> _DATA FOR REVIEW_

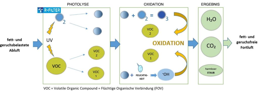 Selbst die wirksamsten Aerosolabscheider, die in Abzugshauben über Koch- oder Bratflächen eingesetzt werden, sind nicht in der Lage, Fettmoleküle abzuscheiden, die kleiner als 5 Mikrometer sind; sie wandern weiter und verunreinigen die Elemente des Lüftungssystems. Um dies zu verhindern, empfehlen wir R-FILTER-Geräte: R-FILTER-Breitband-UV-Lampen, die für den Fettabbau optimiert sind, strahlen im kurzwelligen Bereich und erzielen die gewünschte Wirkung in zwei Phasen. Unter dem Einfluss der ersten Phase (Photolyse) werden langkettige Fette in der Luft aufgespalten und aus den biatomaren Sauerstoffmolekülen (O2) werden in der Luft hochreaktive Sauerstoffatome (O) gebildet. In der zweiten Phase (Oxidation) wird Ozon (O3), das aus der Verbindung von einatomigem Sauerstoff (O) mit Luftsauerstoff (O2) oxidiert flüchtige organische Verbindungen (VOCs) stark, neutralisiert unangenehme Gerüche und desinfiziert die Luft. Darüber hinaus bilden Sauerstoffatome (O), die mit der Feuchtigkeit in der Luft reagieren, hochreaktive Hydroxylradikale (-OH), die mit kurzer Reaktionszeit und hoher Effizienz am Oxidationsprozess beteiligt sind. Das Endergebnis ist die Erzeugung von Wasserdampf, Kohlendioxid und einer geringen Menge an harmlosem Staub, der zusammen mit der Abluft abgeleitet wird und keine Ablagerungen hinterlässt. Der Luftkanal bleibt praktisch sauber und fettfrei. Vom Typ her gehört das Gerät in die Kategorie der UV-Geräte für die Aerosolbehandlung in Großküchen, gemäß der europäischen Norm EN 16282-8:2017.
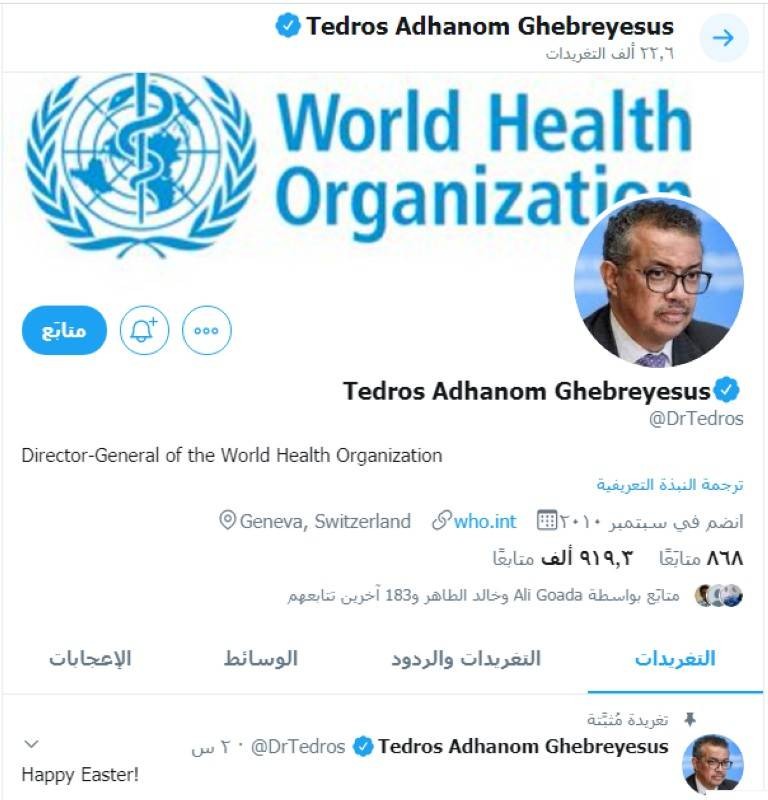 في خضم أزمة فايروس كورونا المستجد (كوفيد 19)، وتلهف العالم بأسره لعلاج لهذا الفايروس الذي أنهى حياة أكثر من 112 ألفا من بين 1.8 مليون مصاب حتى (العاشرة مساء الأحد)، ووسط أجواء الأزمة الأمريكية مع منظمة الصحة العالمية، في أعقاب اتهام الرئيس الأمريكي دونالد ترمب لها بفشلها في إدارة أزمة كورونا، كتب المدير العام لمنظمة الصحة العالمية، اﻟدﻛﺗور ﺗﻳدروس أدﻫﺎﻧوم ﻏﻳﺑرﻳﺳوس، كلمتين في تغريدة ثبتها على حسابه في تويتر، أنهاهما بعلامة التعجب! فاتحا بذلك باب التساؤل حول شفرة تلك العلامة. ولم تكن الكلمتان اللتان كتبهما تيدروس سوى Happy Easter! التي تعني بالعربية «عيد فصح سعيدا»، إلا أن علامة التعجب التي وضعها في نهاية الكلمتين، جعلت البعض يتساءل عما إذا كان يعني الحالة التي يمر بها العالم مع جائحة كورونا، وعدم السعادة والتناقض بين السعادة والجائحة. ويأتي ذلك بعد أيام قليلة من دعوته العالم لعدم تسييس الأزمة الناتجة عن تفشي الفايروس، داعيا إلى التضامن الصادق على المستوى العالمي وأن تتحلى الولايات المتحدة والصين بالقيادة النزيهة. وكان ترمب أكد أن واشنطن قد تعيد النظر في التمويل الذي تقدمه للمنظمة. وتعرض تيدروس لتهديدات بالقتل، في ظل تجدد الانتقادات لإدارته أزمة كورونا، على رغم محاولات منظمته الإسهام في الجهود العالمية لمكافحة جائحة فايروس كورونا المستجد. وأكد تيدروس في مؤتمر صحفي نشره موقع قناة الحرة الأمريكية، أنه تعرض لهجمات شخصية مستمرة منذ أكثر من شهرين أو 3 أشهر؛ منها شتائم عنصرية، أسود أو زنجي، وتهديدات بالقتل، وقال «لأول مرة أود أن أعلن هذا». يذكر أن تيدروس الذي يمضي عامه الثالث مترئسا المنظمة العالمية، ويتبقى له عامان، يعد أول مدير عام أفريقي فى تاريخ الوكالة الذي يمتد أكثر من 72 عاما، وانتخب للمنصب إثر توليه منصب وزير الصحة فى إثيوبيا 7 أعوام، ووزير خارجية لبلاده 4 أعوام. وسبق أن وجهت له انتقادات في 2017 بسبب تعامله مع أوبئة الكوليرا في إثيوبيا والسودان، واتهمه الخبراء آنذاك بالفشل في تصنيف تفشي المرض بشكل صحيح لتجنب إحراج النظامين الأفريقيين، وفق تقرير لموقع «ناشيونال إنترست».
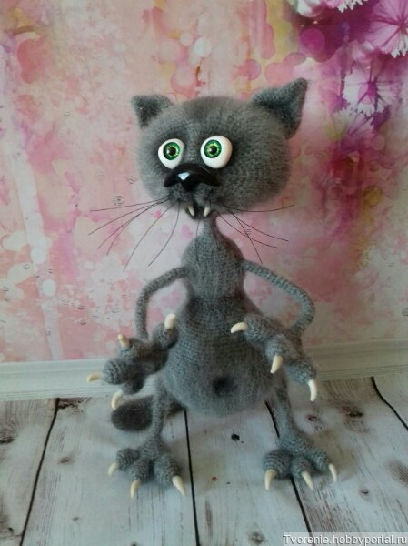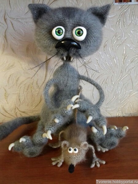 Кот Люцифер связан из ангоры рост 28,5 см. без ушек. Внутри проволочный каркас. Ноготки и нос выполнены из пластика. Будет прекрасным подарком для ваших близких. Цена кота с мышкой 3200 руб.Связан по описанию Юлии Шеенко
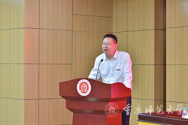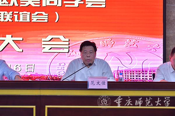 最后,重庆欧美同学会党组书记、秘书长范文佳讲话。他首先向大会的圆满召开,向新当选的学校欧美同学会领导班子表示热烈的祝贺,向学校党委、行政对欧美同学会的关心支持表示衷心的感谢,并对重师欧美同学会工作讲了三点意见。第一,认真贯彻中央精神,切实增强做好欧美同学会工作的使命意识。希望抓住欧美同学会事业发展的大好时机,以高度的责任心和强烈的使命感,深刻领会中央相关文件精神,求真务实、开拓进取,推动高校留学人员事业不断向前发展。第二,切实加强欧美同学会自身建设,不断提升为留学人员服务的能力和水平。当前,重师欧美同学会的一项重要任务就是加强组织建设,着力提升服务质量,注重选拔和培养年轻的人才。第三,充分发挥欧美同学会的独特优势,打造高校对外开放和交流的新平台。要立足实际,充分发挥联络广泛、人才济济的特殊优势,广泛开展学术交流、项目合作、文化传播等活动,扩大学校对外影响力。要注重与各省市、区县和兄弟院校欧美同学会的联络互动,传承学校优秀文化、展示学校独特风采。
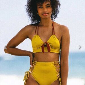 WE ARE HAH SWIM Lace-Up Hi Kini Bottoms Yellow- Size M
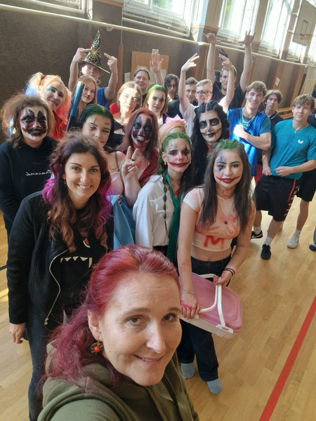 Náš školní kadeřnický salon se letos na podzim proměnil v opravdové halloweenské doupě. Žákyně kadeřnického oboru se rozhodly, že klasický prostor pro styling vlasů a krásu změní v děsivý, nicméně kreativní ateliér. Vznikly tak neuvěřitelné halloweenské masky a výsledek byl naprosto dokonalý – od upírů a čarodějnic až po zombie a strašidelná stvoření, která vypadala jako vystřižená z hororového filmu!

--

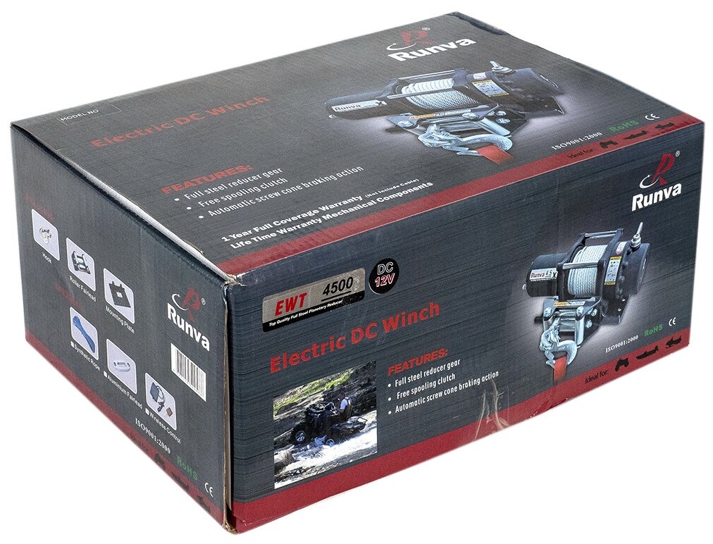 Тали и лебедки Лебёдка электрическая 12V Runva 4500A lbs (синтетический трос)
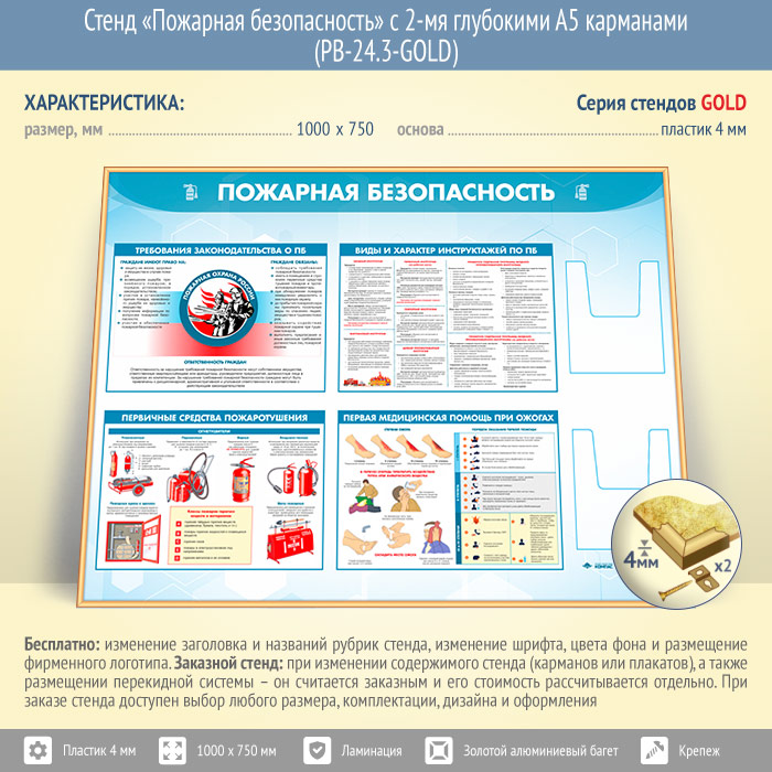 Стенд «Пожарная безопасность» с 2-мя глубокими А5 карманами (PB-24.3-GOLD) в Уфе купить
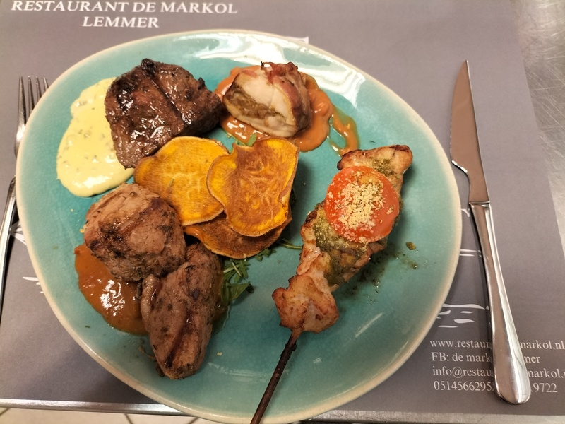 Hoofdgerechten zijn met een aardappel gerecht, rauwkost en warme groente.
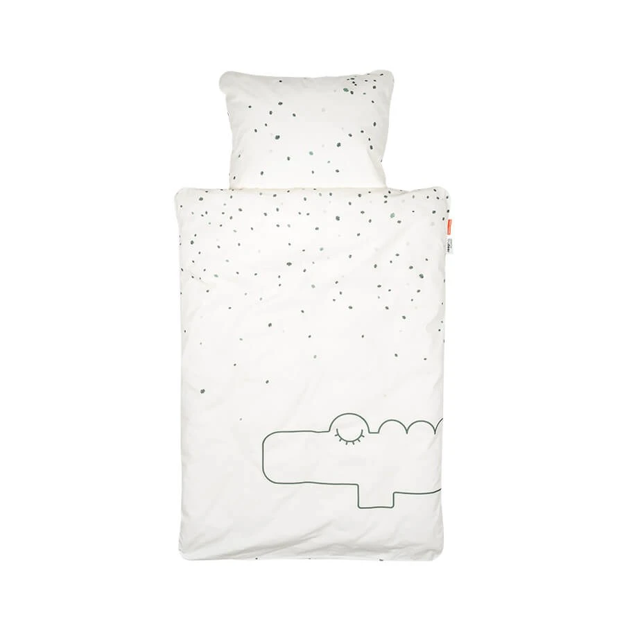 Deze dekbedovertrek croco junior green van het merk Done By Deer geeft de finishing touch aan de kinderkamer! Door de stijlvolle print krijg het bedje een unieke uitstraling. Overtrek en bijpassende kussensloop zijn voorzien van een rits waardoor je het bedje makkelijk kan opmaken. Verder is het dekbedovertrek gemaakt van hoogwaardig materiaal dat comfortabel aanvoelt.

> _DESCRIPTION OF THE TASK_
Working from the entries above, reproduce exactly and only the lines beginning with the line that has "Hoofdgerechten zijn met" and ending with the line that has "Deze dekbedovertrek croco"; omit all pictures.

> _RESPONSE BOX_
 Hoofdgerechten zijn met een aardappel gerecht, rauwkost en warme groente.
 Deze dekbedovertrek croco junior green van het merk Done By Deer geeft de finishing touch aan de kinderkamer! Door de stijlvolle print krijg het bedje een unieke uitstraling. Overtrek en bijpassende kussensloop zijn voorzien van een rits waardoor je het bedje makkelijk kan opmaken. Verder is het dekbedovertrek gemaakt van hoogwaardig materiaal dat comfortabel aanvoelt.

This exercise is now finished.